I stood, restless and invigorated. Finally I was doing something. "Mind if I get them now?"

"Go right ahead. And if you find anything else up there you want, bring it on down."

Bingo! With her carte blanche to rummage, I was in the hall before she could call after me, "I'm putting the house on the market, and a clean attic sells better than a full one."

Huh?

The string to pull down the attic stairs slipped through my fist, and the ceiling door slammed shut. Not believing I'd heard her right, I went back to the kitchen. Robbie was smirking, his ankles crossed as he leaned against the sink with a cup of coffee. Suddenly I saw my mom's stilted conversation tonight in an entirely new way. I wasn't the only one hiding bad news. Shit.

"You're selling the house?" I stammered, seeing the truth in her downcast gaze. "Why?"

Taking a resolute breath, she looked up. "I'm moving out to the West Coast for a while. It's not a big deal," she said as I started to protest. "It's time for a change, is all."

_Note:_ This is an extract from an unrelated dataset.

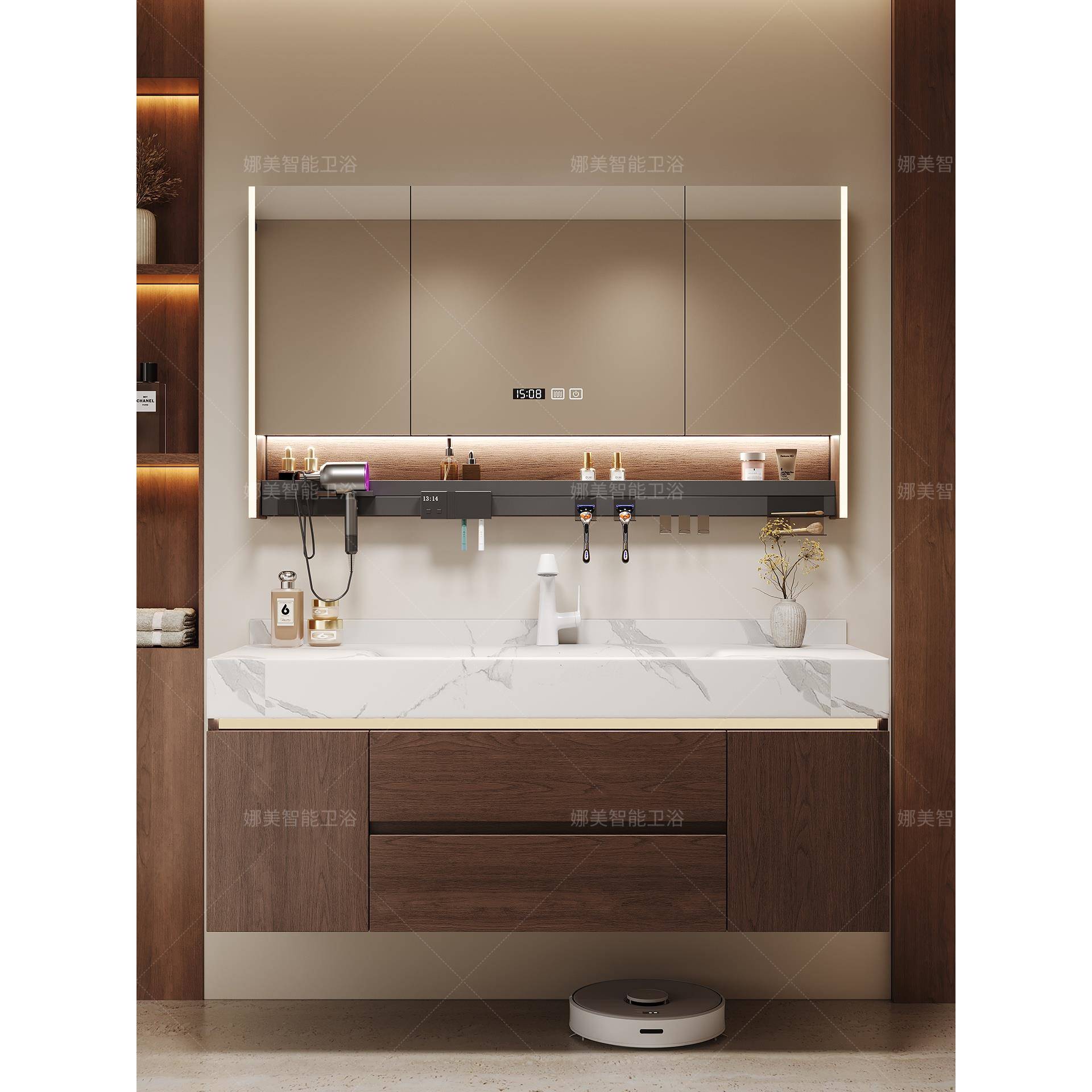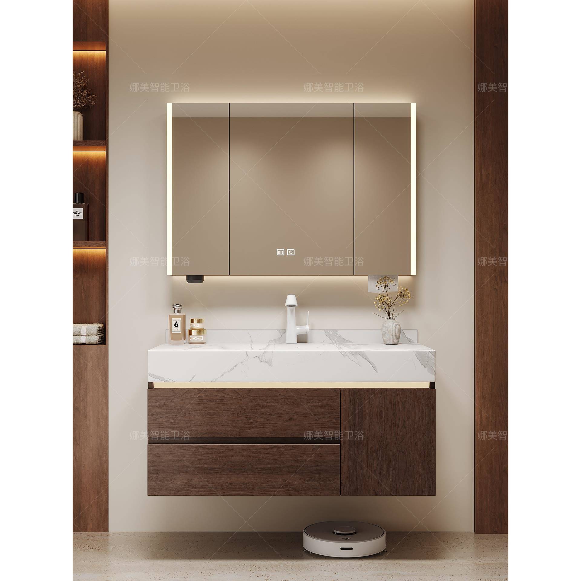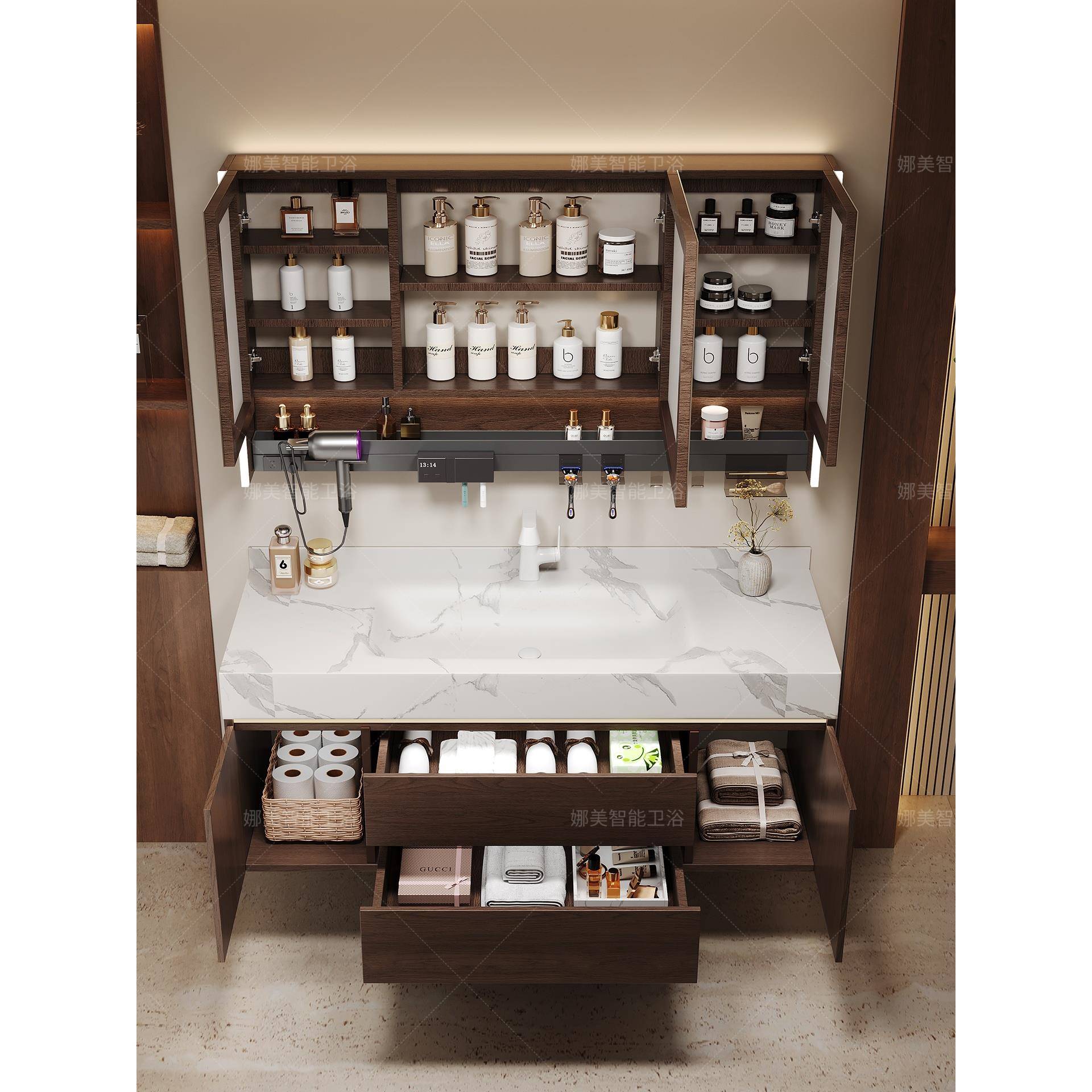 2025新款 浴室柜组合岩板热弯一体台盆中古风卫生间洗手漱洗脸卫浴

Eyes squinting, I turned to Robbie. God! He looked too satisfied to live, leaning against the counter like that. "You…selfish brat," I said, furious. He'd been trying to get her to move out there for years, and now he'd finally gotten his way.

My mom shifted uncomfortably, and I reined in my anger, shoving it down to bring out when he and I were alone. This was where we'd grown up. This was where my memories with Dad were, the tree I had planted with his ashes. And now a stranger was going to have it? "Excuse me," I said stiffly. "I'll get my things out of the attic."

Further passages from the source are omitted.